Grubb & Ellis Apartment REIT purchased Arboleda Apartments from Cedar Park Multifamily, Ltd. Financing was arranged by Don Marshall and Mike Bryant with Capmark Finance.

As of March 21, 2007, Grubb & Ellis Apartment REIT has sold approximately 10.1 million shares of its common stock, excluding the shares issued under its distribution reinvestment plan, for approximately $100 million through its initial public offering, which began in the third quarter of 2006.
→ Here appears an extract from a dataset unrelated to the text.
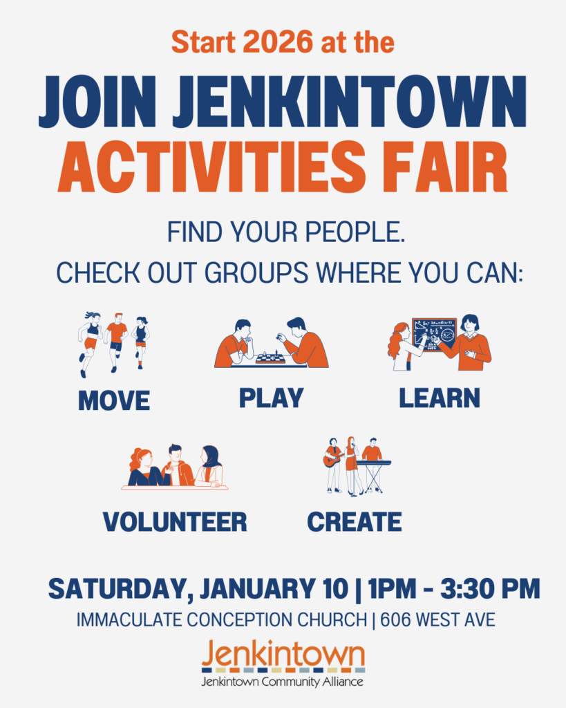 The Jenkintown Community Alliance invites the public to the first Join Jenkintown Activities Fair where Jenkintown residents and nearby neighbors of all ages can connect with clubs, groups and businesses that regularly bring people together in-person. Organization categories include health/fitness, the arts, learning, volunteering/civic engagement, games, socialization and beyond.

Grubb & Ellis Apartment REIT offers a monthly distribution of 7.00 percent per annum and, as of April 2, 2008, has made 10 geographically-diverse acquisitions with a total portfolio valued at approximately $251 million.

About Grubb & Ellis
Grubb & Ellis Company (NYSE: GBE), one of the largest and most respected commercial real estate services companies, is the sponsor of Grubb & Ellis Apartment REIT, Inc. With more than 130 owned and affiliate offices worldwide, Grubb & Ellis offers property owners, corporate occupants and investors comprehensive integrated real estate solutions, including transaction, management, consulting and investment advisory services supported by proprietary market research and extensive local market expertise.
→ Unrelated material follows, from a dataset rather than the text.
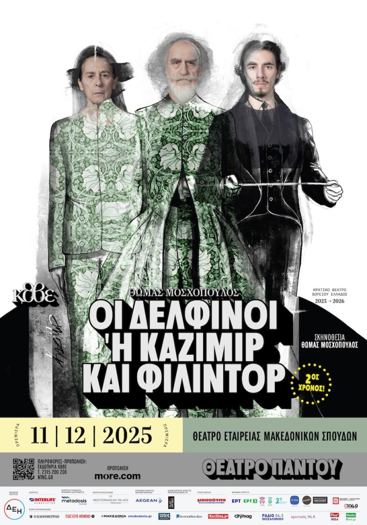 «Οι Δελφίνοι ή Καζιμίρ και Φιλιντόρ», που παρουσιάστηκε σε πανελλήνια πρώτη τον Μάιο στο ΚΘΒΕ με μεγάλη επιτυχία, επιστρέφει για 2η χρονιά στο Θέατρο της Εταιρείας Μακεδονικών Σπουδών. Το νέο έργο που υπογράφει και σκηνοθετεί ο Θωμάς Μοσχόπουλος, ένας από τους πιο δημιουργικούς και καινοτόμους καλλιτέχνες της γενιάς του, σκηνοθέτης, συγγραφέας και μεταφραστής, είναι ένα παιχνίδι λόγου με έντονα στοιχεία παρωδίας και σαρκασμού, το οποίο πραγματεύεται τα θέματα της εξουσίας και του ανταγωνισμού, σε ένα κείμενο που συνομιλεί ανοιχτά με τον Σάμιουελ Μπέκετ.

Grubb & Ellis and its subsidiaries are leading sponsors of real estate investment programs that provide individuals and institutions the opportunity to invest in a broad range of real estate investment vehicles, including tax-deferred 1031 tenant-in-common (TIC) exchanges, public non-traded real estate investment trusts (REITs) and real estate investment funds. As of December 31, 2007, nearly $3 billion in investor equity has been raised for these investment programs. The company and its subsidiaries currently manage a growing portfolio of more than 216 million square feet of real estate. In 2007, Grubb & Ellis was selected from among 15,000 vendors as Microsoft Corporation’s Vendor of the Year.  For more information regarding Grubb & Ellis Company, please visit www.grubb-ellis.com.

FORWARD-LOOKING LANGUAGE

This press release contains certain forward-looking statements with respect to the importance that the property adds to the Grubb & Ellis Apartment REIT portfolio, and the enhancement of stockholder value. Forward-looking statements are statements that are not descriptions of historical facts and include statements regarding management’s intentions, beliefs, expectations, plans or predictions of the future, within the meaning of Section 27A of the Securities Act of 1933, as amended, and Section 21E of the Securities Exchange Act of 1934, as amended. Because such statements include risks, uncertainties and contingencies, actual results may differ materially from those expressed or implied by such forward-looking statements. These risks, uncertainties and contingencies include, but are not limited to, the following: uncertainties relating to changes in general economic and real estate conditions; uncertainties relating to the economy and demand for healthcare related services of the greater Cedar Park and Austin, Texas area; the strengths and financial condition of Arboleda Apartments; the uncertainties relating to the implementation of our real estate investment strategy; and other risk factors as outlined in the company’s prospectus, as amended from time to time, and as detailed from time to time in our periodic reports, as filed with the Securities and Exchange Commission.